● What to do: Without any pictures, the records below should be reproduced exactly.

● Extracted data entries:

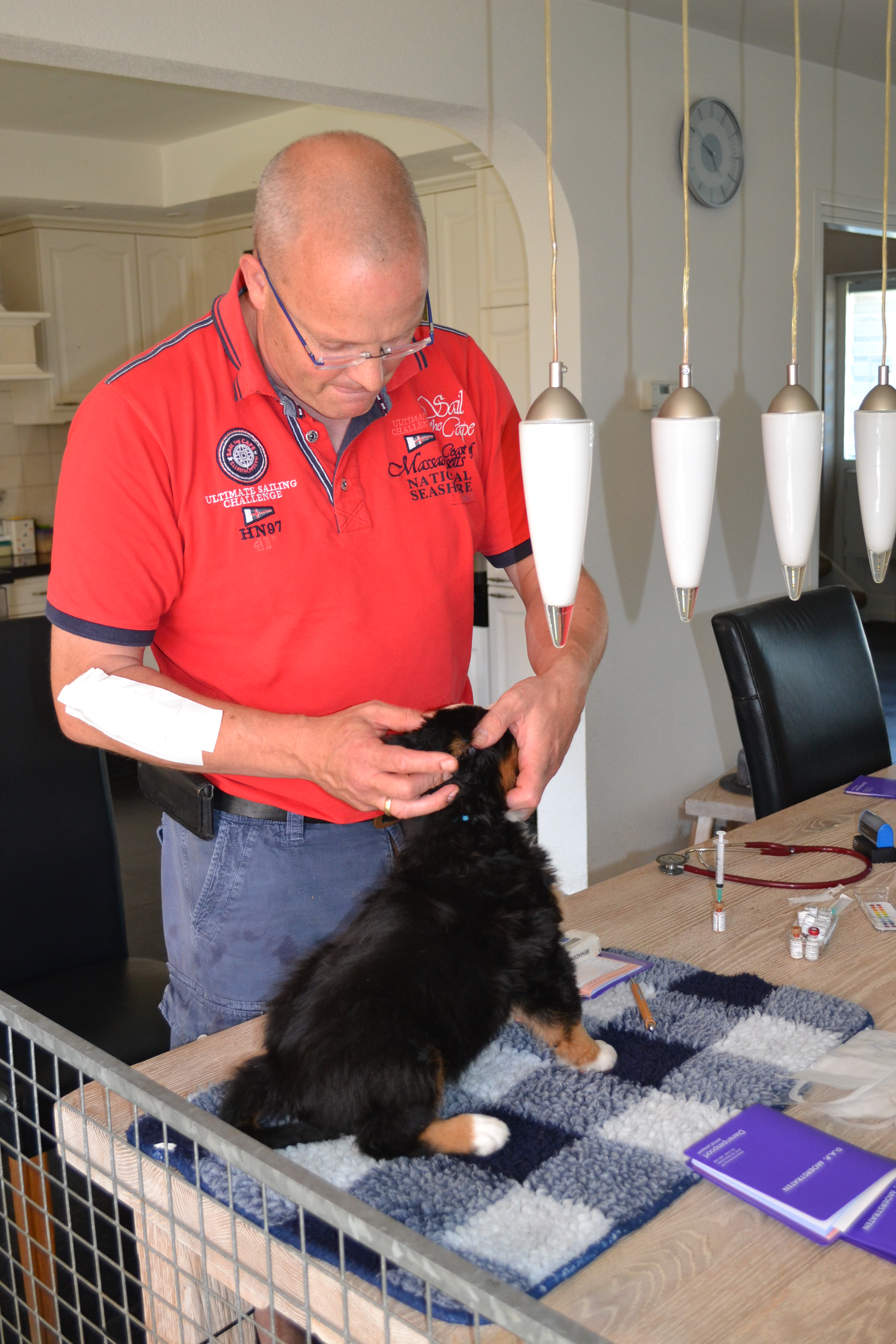 Vandaag is de Chipper van de Raad van Beheer langs geweest om de pupjes te chippen en de DNA-test af te nemen. Hij was heel tevreden over de organisatie van het nestje en daar zijn wij trots op!
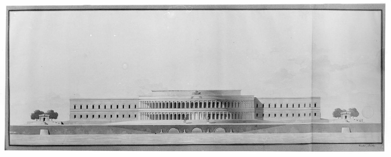 Alzato di edificio militare a due ripiani a china e bistro su fondo chiaro acquarellato grigio e beige, entro bordo cartaceo riportato azzurro. Vista del corpo circolare porticato al centro, con doppio ordine di archi a tutto sesto fiancheggiati da colonne doriche e tuscaniche. Lateralmente corpi di fabbrica con primo piano a bugnato liscio con finestre centinate, piano superiore liscio con finestre\nquadrangolari concluso da cornice. Inf: vista di corso d'acqua, di 3 gallerie ad arco centrale e 4 fontane. Lat.: 2 edicole con fontane e cascate a diversi livelli.
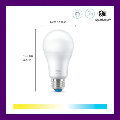 Cette ampoule Pack duo 2x WiZ Smart LED E27 Poire Dépolie 8W 806lm | Meilleur Rendu De Couleur - Dimmable - Remplacement 60W avec son efficacité lumineuse de lumen par watt vous permettra de profiter d’un éclairage de qualité. Avec sa durée de vie de 25000 heures, vous n’aurez pas à vous soucier de son remplacement avant quelques années.
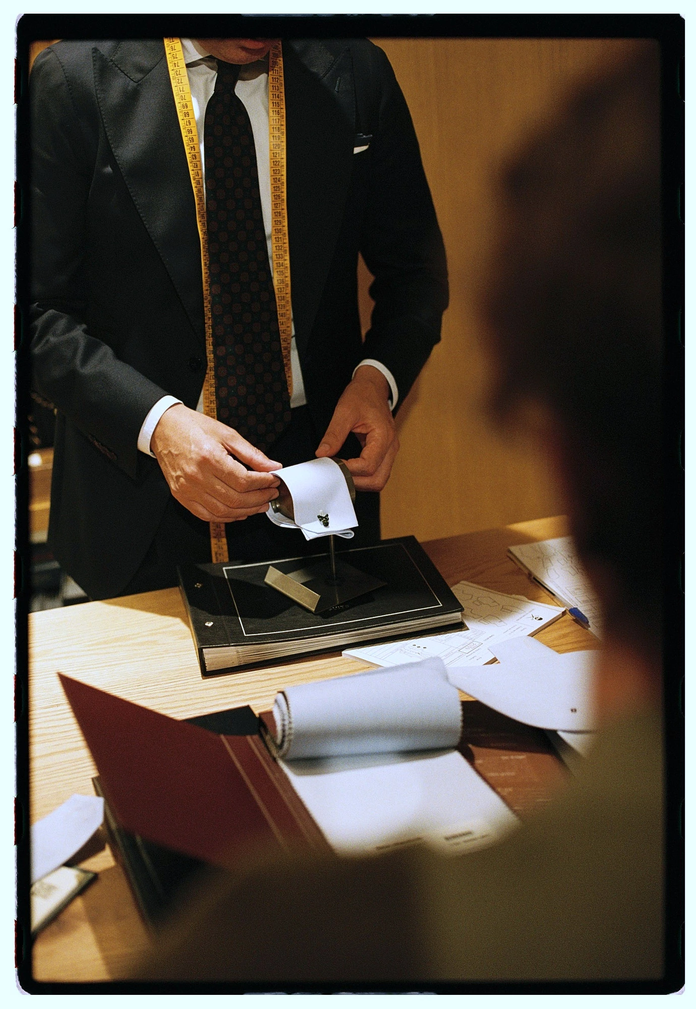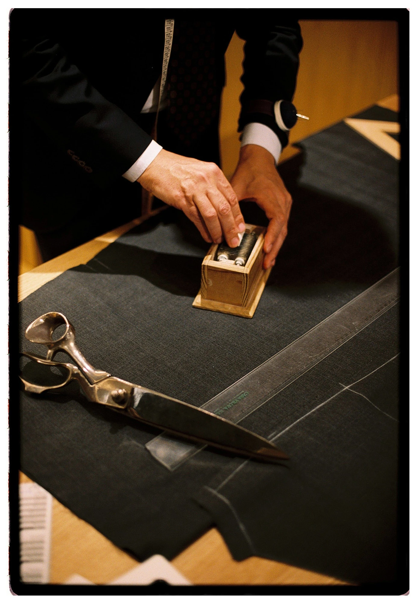El proceso empieza eligiendo el tejido, que es la base de todo. No solo es cuestión de estética, detrás hay una selección muy cuidada de lanas con distintos gramajes según la estación y la estructura que se quiera conseguir. Hay telas con mayor torsión del hilo que aportan resistencia, otras más abiertas que ayudan a la transpirabilidad e incluso mezclas con fibras elásticas para una mayor comodidad. Elegir bien no solo influye en la caída, sino también en cómo responde el traje al movimiento, a las horas de uso y a la forma del cuerpo.
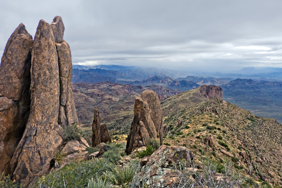 looking back at our route up and toward the Eastern Supes with Picketpost in far right background.
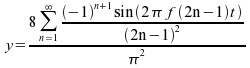 This is a Fourier Series example. It shows that virtually any periodic waveform can be created out of individual sinewave components. Adjust the value of "Control A" to increase or decrease the number of generated harmonics and the degree to which the result resembles a square wave. Triangle Wave Where:![]()
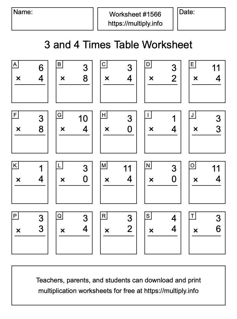 Here is the 3 and 4 Times Table Worksheet #1566. This worksheet contains problems related to the multiplication table of 3 and the multiplication table of 4. Print and/or save the worksheet using the buttons below the image. You can also drag or right-click on the image to download it to your device.
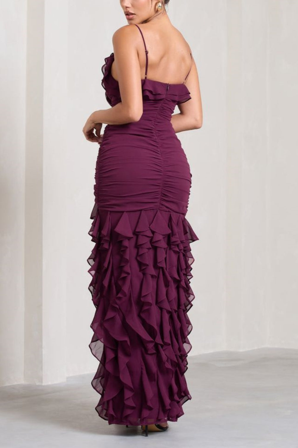 Purple Elegant Sexy Spaghetti Strap Ankle Length Chiffon Ruffle prom Evening Dress Party Dress HZ1023
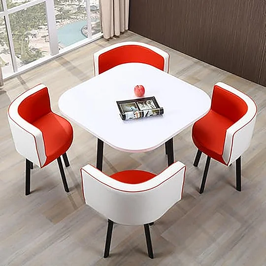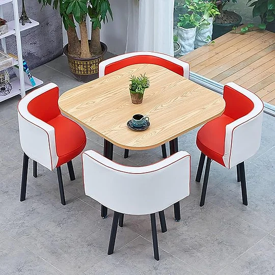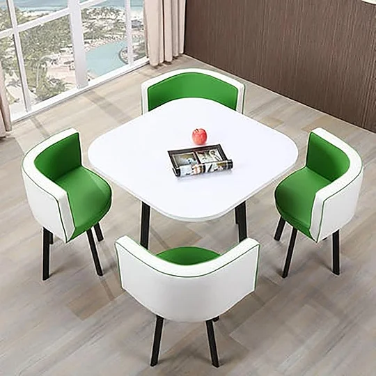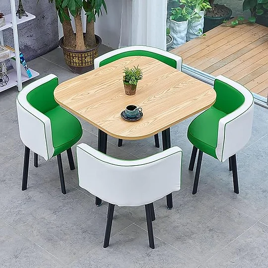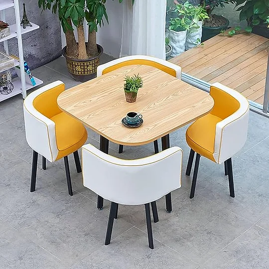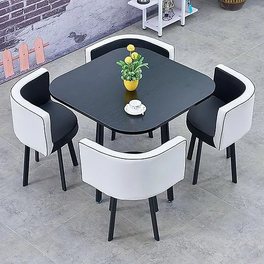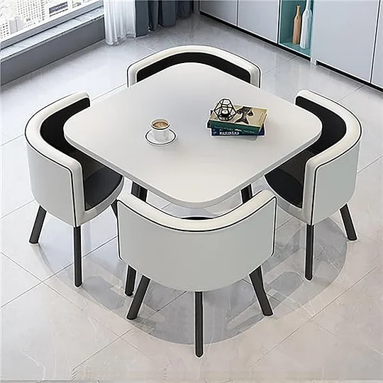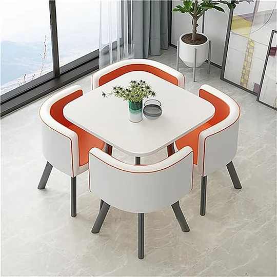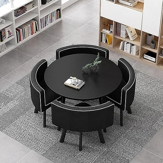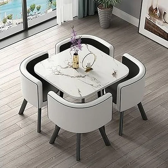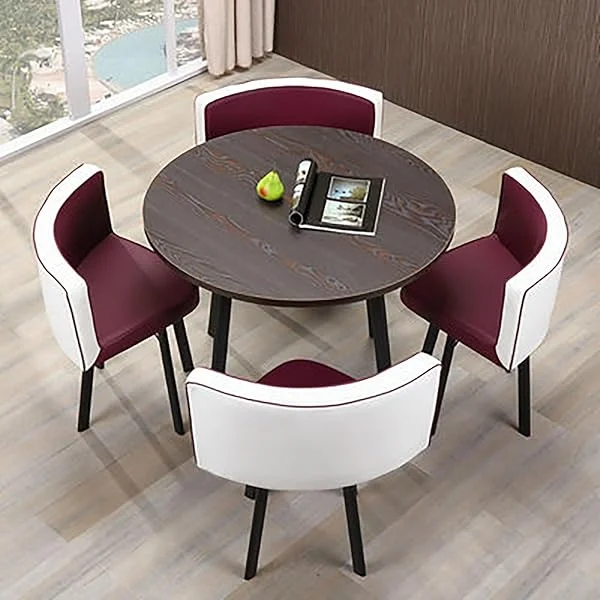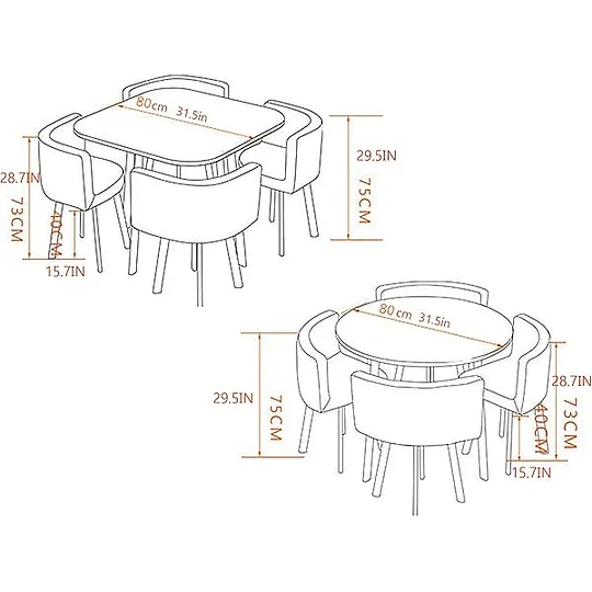 Aplicación versátil: la mesa redonda de mármol artificial maximiza el uso del espacio, aportando personalidad y encanto a cualquier habitación con su apariencia limpia y brillante. Adecuado for una variedad de entornos, como comedores, cocinas, salas de estar y oficinas, mejora la experiencia gastronómica, permitiendo a familiares y amigos disfrutar de hermosos momentos y apreciar la belleza de la vida juntos. Diseño que ahorra espacio: el sencillo escritorio de recepción y el juego de sillas no ocupan mucho espacio, lo que lo hace ideal for salas de reuniones pequeñas o áreas de recepción de invitados. Cuando no están en uso, los taburetes se pueden guardar debajo de la mesa, liberando espacio en la habitación y manteniendo la limpieza. Diseño ergonómico: la superficie del asiento está hecha de material PU de alta calidad, con respaldos y cojines envueltos en una esponja de alta densidad for un rebote excelente y duradero, adecuado for sentarse durante mucho tiempo. w99 El respaldo ligeramente inclinado se adapta al cuerpo humano, lo que permite una mejor relajación de la espalda. Materiales de alta calidad: la superficie de la mesa está fabricada con tableros ecológicos de grado E1, que ofrecen una superficie lisa y dura, inodora y fácil de limpiar. Su material robusto y práctico, junto con las esquinas redondeadas, minimiza las lesiones por colisión, garantizando la seguridad familiar en todo momento. Estructura de marco resistente: Cuenta con un marco de metal for mayor durabilidad, con un alto coeficiente de seguridad debido a las esquinas redondeadas de la mesa diseñadas for evitar colisiones. Las patas de la mesa están hechas de hierro espesado con pintura de alta temperatura y acabado arenado, lo que garantiza una longevidad sin envejecer. Las patas de las sillas vienen con almohadillas antideslizantes for evitar daños al suelo y ruidos.

● Exercise response:
 Vandaag is de Chipper van de Raad van Beheer langs geweest om de pupjes te chippen en de DNA-test af te nemen. Hij was heel tevreden over de organisatie van het nestje en daar zijn wij trots op!
 Alzato di edificio militare a due ripiani a china e bistro su fondo chiaro acquarellato grigio e beige, entro bordo cartaceo riportato azzurro. Vista del corpo circolare porticato al centro, con doppio ordine di archi a tutto sesto fiancheggiati da colonne doriche e tuscaniche. Lateralmente corpi di fabbrica con primo piano a bugnato liscio con finestre centinate, piano superiore liscio con finestre\nquadrangolari concluso da cornice. Inf: vista di corso d'acqua, di 3 gallerie ad arco centrale e 4 fontane. Lat.: 2 edicole con fontane e cascate a diversi livelli.
 Cette ampoule Pack duo 2x WiZ Smart LED E27 Poire Dépolie 8W 806lm | Meilleur Rendu De Couleur - Dimmable - Remplacement 60W avec son efficacité lumineuse de lumen par watt vous permettra de profiter d’un éclairage de qualité. Avec sa durée de vie de 25000 heures, vous n’aurez pas à vous soucier de son remplacement avant quelques années.
El proceso empieza eligiendo el tejido, que es la base de todo. No solo es cuestión de estética, detrás hay una selección muy cuidada de lanas con distintos gramajes según la estación y la estructura que se quiera conseguir. Hay telas con mayor torsión del hilo que aportan resistencia, otras más abiertas que ayudan a la transpirabilidad e incluso mezclas con fibras elásticas para una mayor comodidad. Elegir bien no solo influye en la caída, sino también en cómo responde el traje al movimiento, a las horas de uso y a la forma del cuerpo.
 looking back at our route up and toward the Eastern Supes with Picketpost in far right background.
 This is a Fourier Series example. It shows that virtually any periodic waveform can be created out of individual sinewave components. Adjust the value of "Control A" to increase or decrease the number of generated harmonics and the degree to which the result resembles a square wave. Triangle Wave Where:![]()
 Here is the 3 and 4 Times Table Worksheet #1566. This worksheet contains problems related to the multiplication table of 3 and the multiplication table of 4. Print and/or save the worksheet using the buttons below the image. You can also drag or right-click on the image to download it to your device.
 Purple Elegant Sexy Spaghetti Strap Ankle Length Chiffon Ruffle prom Evening Dress Party Dress HZ1023
 Aplicación versátil: la mesa redonda de mármol artificial maximiza el uso del espacio, aportando personalidad y encanto a cualquier habitación con su apariencia limpia y brillante. Adecuado for una variedad de entornos, como comedores, cocinas, salas de estar y oficinas, mejora la experiencia gastronómica, permitiendo a familiares y amigos disfrutar de hermosos momentos y apreciar la belleza de la vida juntos. Diseño que ahorra espacio: el sencillo escritorio de recepción y el juego de sillas no ocupan mucho espacio, lo que lo hace ideal for salas de reuniones pequeñas o áreas de recepción de invitados. Cuando no están en uso, los taburetes se pueden guardar debajo de la mesa, liberando espacio en la habitación y manteniendo la limpieza. Diseño ergonómico: la superficie del asiento está hecha de material PU de alta calidad, con respaldos y cojines envueltos en una esponja de alta densidad for un rebote excelente y duradero, adecuado for sentarse durante mucho tiempo. w99 El respaldo ligeramente inclinado se adapta al cuerpo humano, lo que permite una mejor relajación de la espalda. Materiales de alta calidad: la superficie de la mesa está fabricada con tableros ecológicos de grado E1, que ofrecen una superficie lisa y dura, inodora y fácil de limpiar. Su material robusto y práctico, junto con las esquinas redondeadas, minimiza las lesiones por colisión, garantizando la seguridad familiar en todo momento. Estructura de marco resistente: Cuenta con un marco de metal for mayor durabilidad, con un alto coeficiente de seguridad debido a las esquinas redondeadas de la mesa diseñadas for evitar colisiones. Las patas de la mesa están hechas de hierro espesado con pintura de alta temperatura y acabado arenado, lo que garantiza una longevidad sin envejecer. Las patas de las sillas vienen con almohadillas antideslizantes for evitar daños al suelo y ruidos.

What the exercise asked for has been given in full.